Беннет тоже оказался неявно вовлеченным в мой писательский труд, хотя он редко читал написанное мною. Мне тогда не столько был нужен читатель (потому что эта работа была лишь подготовкой к настоящему творчеству), сколько человек, одобряющий мои занятия. Что он и делал. Временами мне было непонятно, что подтолкнуло его к этому: делал ли он это лишь для того, чтобы я не лезла в его депрессию, либо ему нравилось играть Генри Хиггинса для Элизы Дулиттл, то есть для меня. Но тем не менее он поверил в меня раньше, чем я сама в себя поверила. Все происходило так, словно после долгого плохого периода в нашем браке мы неявно сблизились за счет моих произведений. Хоть мы и не читали их вместе, мы оба нашли там общее убежище от окружающего мира.

Мы оба учились впадать в бессознательное состояние. Беннет почти все время проводил, неподвижный, в своей комнате, в сотый и тысячный раз переживая смерть своего отца, смерть деда, все те смерти, которые свалились ему на плечи, когда он только начинал собственную жизнь. Я же сидела у себя и училась писать. Я училась погружаться в себя и отыскивать маленькие осколки прошлого. Я училась ловить бессознательное состояние и выуживать свои, довольно беспорядочные, мысли и чувства. Отдалив меня от своего мира, Беннет открыл мне мой собственный огромный внутренний мир. Постепенно до меня стало доходить, что ни один из предметов моих стихотворений не волнует меня по-настоящему, что глубокая пропасть лежит между тем, что я переживаю, и тем, что пишу. Почему? Чего я боюсь? Мне казалось, что больше всего я боюсь себя.

В Гейдельберге я начала два романа. Оба были написаны от лица мужчин. Я исходила из того, что женская точка зрения мало кого интересует. Кроме того, я не хотела уподобляться большинству писателей-женщин (даже хороших женщин-писателей), о которых говорили: «умные, приятные, яркие, чувствительные, душевные — но начисто лишенные кругозора». Мне хотелось писать обо всех проявлениях жизни. Я хотела написать «Войну и мир» — или ничего. Ни одна из тем «женской литературы» меня не привлекала. Меня тянуло к сражениям, перестрелкам и охоте в джунглях. Только у меня было довольно смутное представление о сражениях, перестрелках и охоте (у большинства мужчин, впрочем, тоже). Тем самым все мои честолюбивые надежды пошли прахом: все те темы, которые были мне более или менее знакомы, оказывались «тривиальными» и «женскими», в то время как абсолютно мне неизвестные как раз и считались «глубокими» и «мужскими». Чтобы я ни делала, я чувствовала себя на краю пропасти: либо меня столкнет туда мною написанное, либо то, что я не пишу. Я оказалась парализованной.

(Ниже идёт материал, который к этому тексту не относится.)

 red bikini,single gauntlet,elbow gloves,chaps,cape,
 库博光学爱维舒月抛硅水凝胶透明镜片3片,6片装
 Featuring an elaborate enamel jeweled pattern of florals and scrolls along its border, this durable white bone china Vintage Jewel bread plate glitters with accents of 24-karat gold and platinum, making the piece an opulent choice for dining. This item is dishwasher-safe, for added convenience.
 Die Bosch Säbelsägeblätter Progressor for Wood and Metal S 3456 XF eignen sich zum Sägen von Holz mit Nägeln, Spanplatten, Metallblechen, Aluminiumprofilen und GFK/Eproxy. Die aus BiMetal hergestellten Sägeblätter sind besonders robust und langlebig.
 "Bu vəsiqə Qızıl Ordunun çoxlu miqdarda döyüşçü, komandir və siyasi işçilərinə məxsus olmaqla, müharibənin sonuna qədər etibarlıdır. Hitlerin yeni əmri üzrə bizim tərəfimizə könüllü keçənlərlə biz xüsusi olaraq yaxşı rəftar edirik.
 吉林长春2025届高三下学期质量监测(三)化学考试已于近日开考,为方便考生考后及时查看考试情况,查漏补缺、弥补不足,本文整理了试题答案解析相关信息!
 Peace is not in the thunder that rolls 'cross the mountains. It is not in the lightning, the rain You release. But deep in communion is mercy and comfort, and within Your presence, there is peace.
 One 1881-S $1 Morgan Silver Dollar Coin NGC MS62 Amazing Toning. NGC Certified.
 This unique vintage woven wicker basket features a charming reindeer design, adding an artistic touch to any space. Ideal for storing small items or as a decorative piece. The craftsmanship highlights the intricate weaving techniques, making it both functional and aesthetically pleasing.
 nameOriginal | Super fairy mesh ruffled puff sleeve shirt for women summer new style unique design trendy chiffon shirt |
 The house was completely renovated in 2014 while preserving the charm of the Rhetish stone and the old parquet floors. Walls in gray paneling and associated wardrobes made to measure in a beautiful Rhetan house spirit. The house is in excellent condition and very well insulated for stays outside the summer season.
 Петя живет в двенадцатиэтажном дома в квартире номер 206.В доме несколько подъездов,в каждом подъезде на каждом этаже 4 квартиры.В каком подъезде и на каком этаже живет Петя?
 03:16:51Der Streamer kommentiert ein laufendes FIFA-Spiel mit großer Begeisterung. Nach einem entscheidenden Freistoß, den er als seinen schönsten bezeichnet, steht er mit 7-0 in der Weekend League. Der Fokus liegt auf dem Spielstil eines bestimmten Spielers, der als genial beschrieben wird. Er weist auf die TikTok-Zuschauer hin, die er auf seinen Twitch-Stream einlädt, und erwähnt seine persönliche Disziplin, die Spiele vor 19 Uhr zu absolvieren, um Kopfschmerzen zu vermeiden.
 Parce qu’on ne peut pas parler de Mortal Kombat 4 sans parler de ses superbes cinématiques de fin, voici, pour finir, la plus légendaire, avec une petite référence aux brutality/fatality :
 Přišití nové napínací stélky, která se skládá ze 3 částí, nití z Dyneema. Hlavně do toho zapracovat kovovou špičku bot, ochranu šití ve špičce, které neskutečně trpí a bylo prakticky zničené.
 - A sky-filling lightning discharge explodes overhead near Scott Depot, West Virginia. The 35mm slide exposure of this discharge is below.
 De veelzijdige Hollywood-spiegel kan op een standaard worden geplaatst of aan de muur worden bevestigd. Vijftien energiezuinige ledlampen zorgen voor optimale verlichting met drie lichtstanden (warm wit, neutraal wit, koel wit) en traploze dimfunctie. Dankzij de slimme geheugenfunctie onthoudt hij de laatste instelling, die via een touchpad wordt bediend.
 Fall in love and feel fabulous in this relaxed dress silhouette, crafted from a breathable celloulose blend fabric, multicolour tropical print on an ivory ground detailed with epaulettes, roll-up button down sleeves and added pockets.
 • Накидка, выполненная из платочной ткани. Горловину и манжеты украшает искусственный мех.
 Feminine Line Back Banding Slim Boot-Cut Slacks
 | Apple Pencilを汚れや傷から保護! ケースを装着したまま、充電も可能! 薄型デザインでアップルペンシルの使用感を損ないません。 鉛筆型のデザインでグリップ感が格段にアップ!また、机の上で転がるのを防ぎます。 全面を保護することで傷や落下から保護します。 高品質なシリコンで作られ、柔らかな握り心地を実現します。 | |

Лишь благодаря удаче, горестям, моим странным отношениям с мужем, моим упорным стараниям (в которые я тогда не очень-то верила), я ухитрилась написать три книги стихов за три года. Я была недовольна двумя, но третью опубликовала. С этого началась серия совершенно новых проблем. Так я научилась справляться с собственной боязнью успеха, что оказалось сложнее, чем с боязнью ошибок.

Если уж я научилась писать, то почему бы мне не научиться жить заодно? Адриан, по-моему, пытался учить меня жить. Беннет, по-моему, пытался учить меня умирать. А я даже не знаю, чего я хочу. А может быть, все наоборот. Может быть, Беннет учил меня жизни, а Адриан — смерти. Может быть, вся жизнь состоит из горестей и компромиссов, а экстаз неизбежно ведет к смерти? Если я могу отличать добро от зла, значит выбор за мной, но передо мной сейчас больше препятствий, чем когда-либо.

Сказки Венского леса

Брачные узы такие тяжелые, что их приходится нести вдвоем — а иногда и втроем.

Александр Дюма

И веселье началось. Чувство благодарности и долга восстали против моего нынешнего отношения к Беннету, я надеялась, что смогу остановиться, опомниться, наконец, клялась себе, что больше не буду встречаться с Адрианом, что все пройдет, что это наваждение, эта лихорадка перестанет мучить меня — но стоило мне увидеть Адриана, я теряла голову. Моя хваленая воля покинула меня, и, вопреки отвращению, я действовала, повторяя сюжеты попсовых песенок и расхожие клише из худших голливудских мелодрам. Сердце буквально заходилось, меня бросало в жар, и земля уходила из-под ног. Он ослеплял меня, как солнце. Наши сердца рвались навстречу друг другу. Если мы оказывались одни в комнате, меня охватывало такое возбуждение, что мне не удавалось держать себя в руках. Я была поглощена им, мое «я» растворилось в нем без следа. Иначе, как помешательством, это не назовешь. Я начисто забыла о статье, которую намеревалась написать. Впрочем, я забыла обо всем, кроме него.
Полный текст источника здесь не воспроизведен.